Nantucket! Take out your map and look at it. See what a real corner of the world it occupies; how it stands there, away off shore, more lonely than the Eddystone lighthouse. Look at it—a mere hillock, and elbow of sand; all beach, without a background.”

A little vague, no?

  1. But he did go eventually–after the book was published.

Moby-Dick was released in 1851, and Melville finally got around to visiting Nantucket in July of 1852. He spent a few days on the island, and had the chance to meet Captain Pollard, the captain of the Essex and a survivor of the wreck. Melville wrote, “To the islanders he was a nobody—to me, the most impressive man, tho’ wholly unassuming, even humble—that I ever encountered.”

  1. Melville dedicated the book to his buddy, Nathaniel Hawthorne.

While the two esteemed authors had about a 15 year difference in age, they had a few things in common. Melville and Hawthorne lived in Boston for a time, and they became acquaintances while both were spending time writing in the Berkshires. Their friendship lasted only a few years, but they continued to read and annotate each other’s work.

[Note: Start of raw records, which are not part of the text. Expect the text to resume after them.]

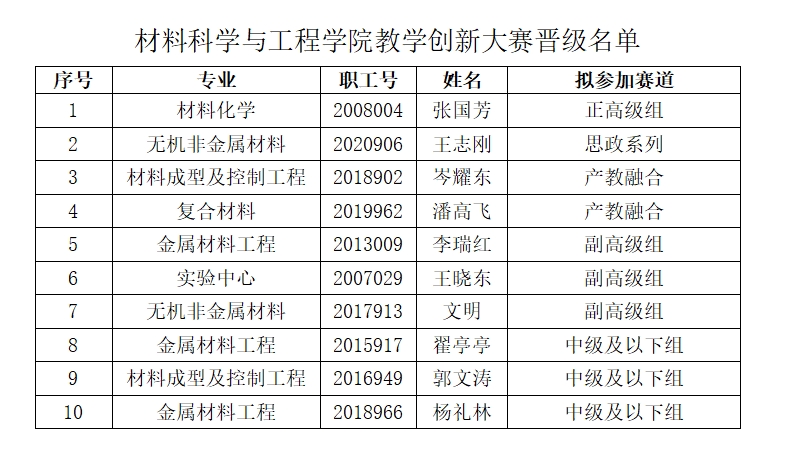 2025年1月9日,公司在明德楼D201会议室举办了公司教师教学创新大赛,经过激烈的角逐和专家评审,最终共有10名教师晋级校赛,名单公布如下:
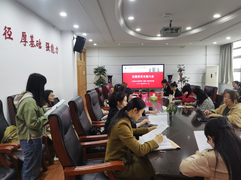 本网讯(文/图 刘璇)3月31日,学科(思政)研究生党支部在公司四楼第一会议室召开支部大会,讨论接收陈春苗同志为预备党员和周子寒、张莹、王悦悦、万婷四位预备党员转正的相关事宜。公司党委组织部汪婕老师到会指导,支部书记孙艳秋主持,支部全体党员参加。
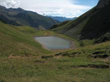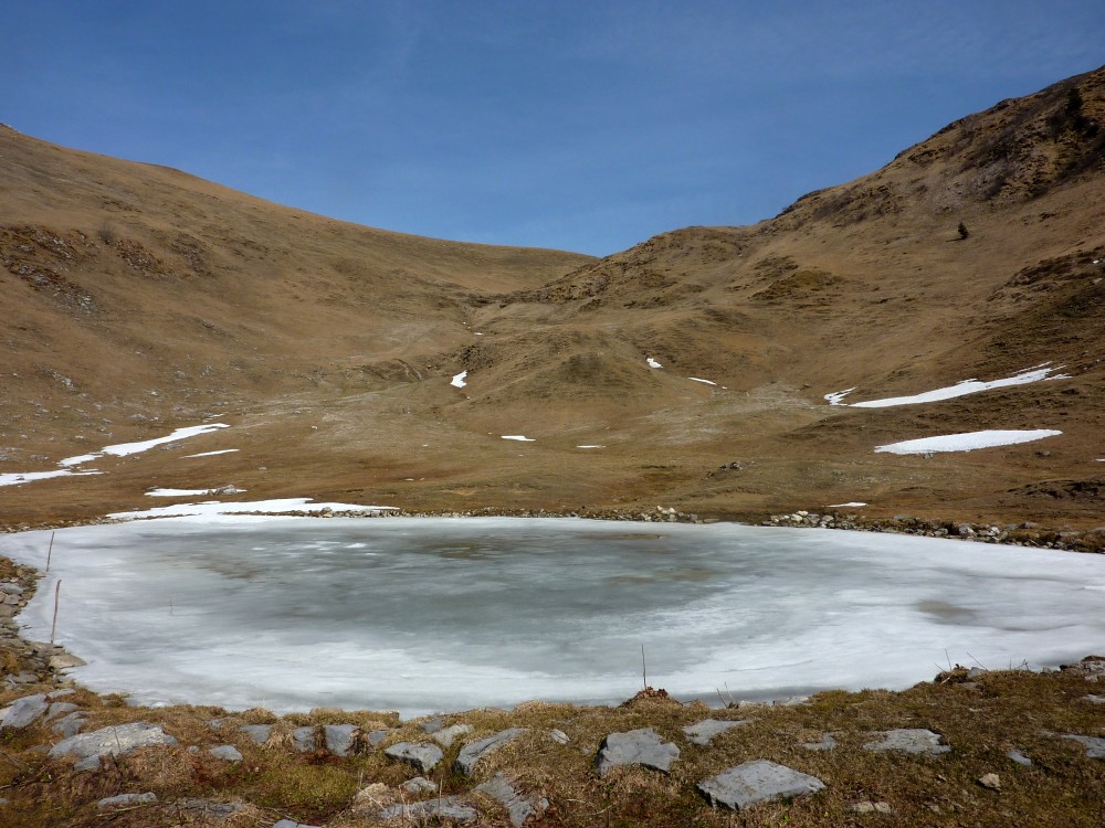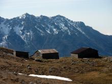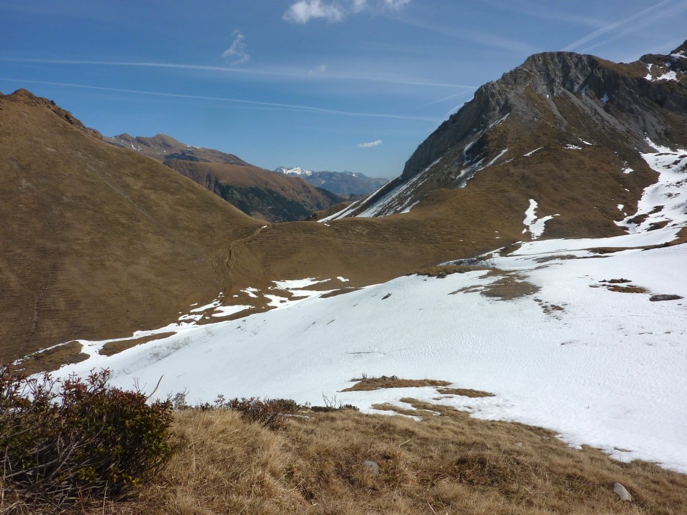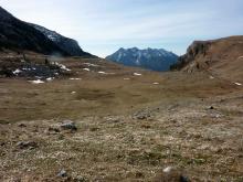 • I larghi pianori dell'alta val Vedra, interamente sorvegliata dall'Alben là in fondo
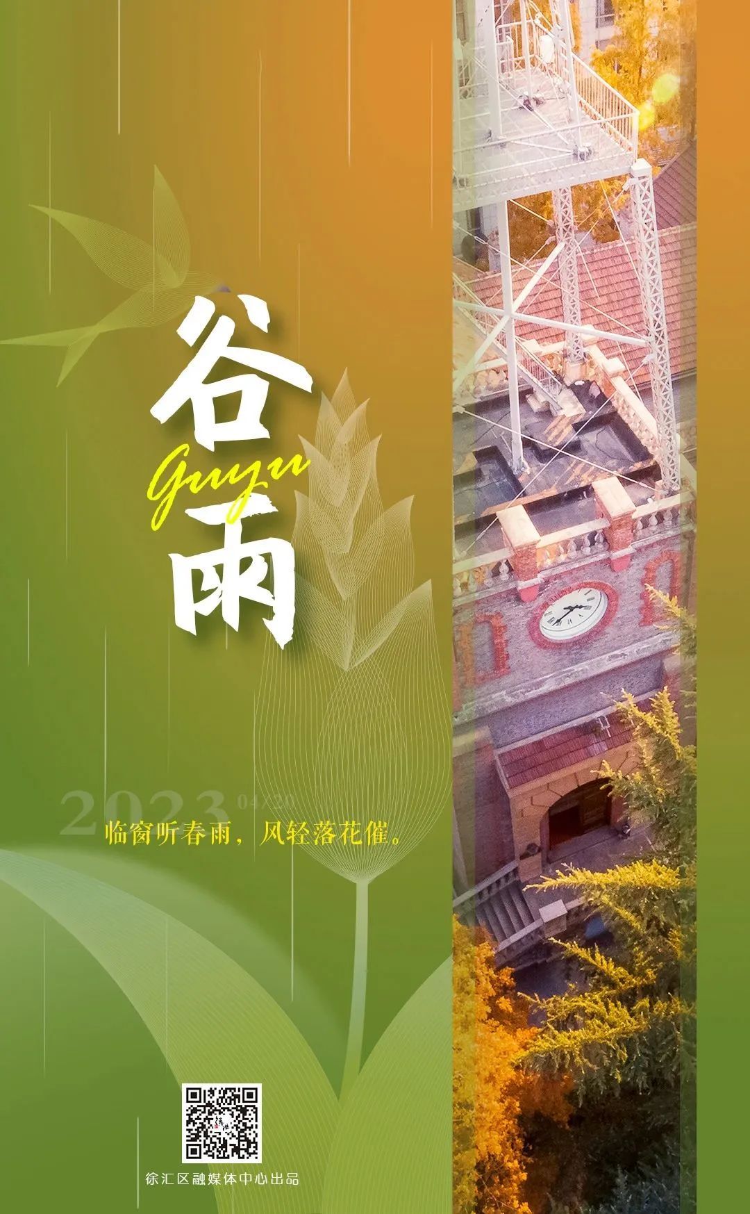 今天(4月20日),是二十四节气中的第六个节气——谷雨。谷雨意为“雨生百谷”,“沾衣欲湿杏花雨,吹面不寒杨柳风”,在春风化雨中迎来了这个诗意的时节。谷雨至、春已远,谷雨是春天的最后一个节气,亦是春天最后的回眸一笑。
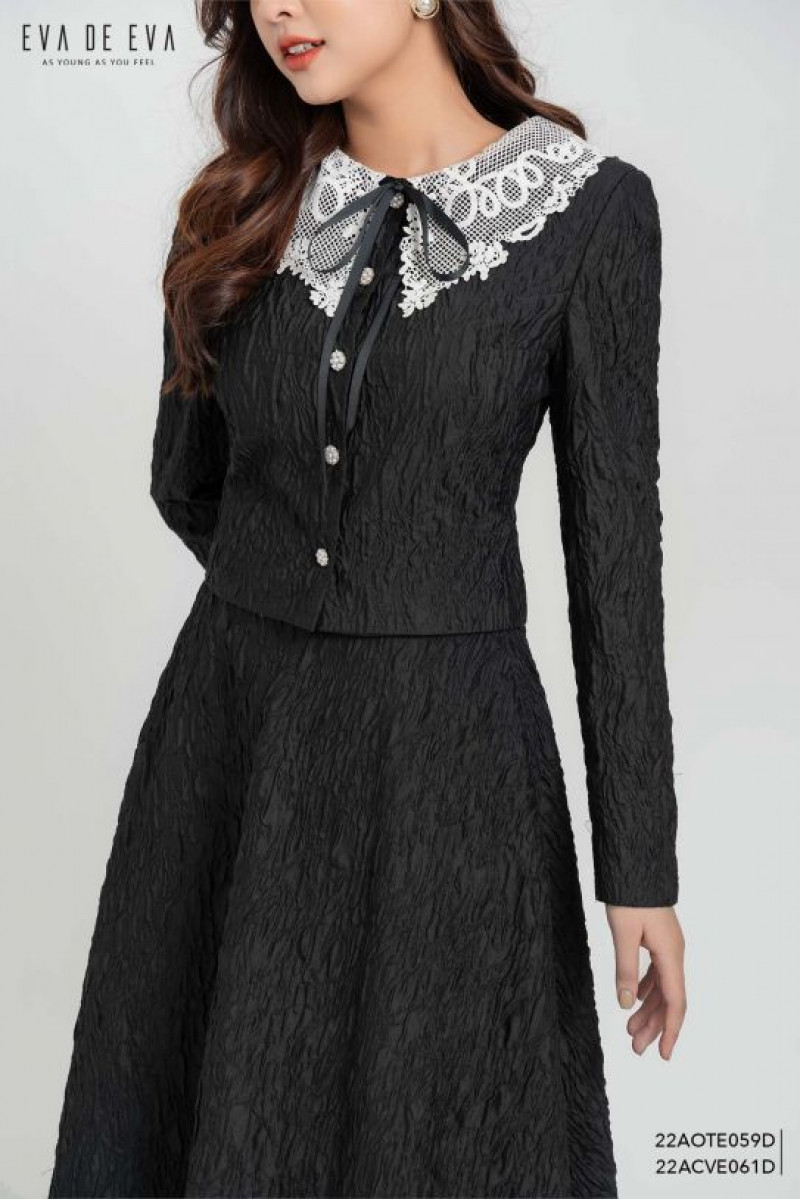 Áo khoác với phần chi tiết là cổ phối ren bản to, thắt nơ ruy băng ở phần tay.

  1. Captain Ahab’s first mate was sort of the inspiration for a Seattle-based coffee company.

Starbucks founder Gordon Bowker considered the name “Pequod” after the whaler ship in Moby-Dick of the same name, but instead went with the name of Ahab’s first mate, Starbuck. He explained the reasoning behind his company’s name to the Seattle Times:

Somebody somehow came up with an old mining map of the Cascades and Mount Rainier, and there was an old mining town called Starbo. As soon as I saw Starbo, I, of course, jumped to Melville’s first mate [named Starbuck] in Moby-Dick. But Moby-Dick didn’t have anything to do with Starbucks directly; it was only coincidental that the sound seemed to make sense.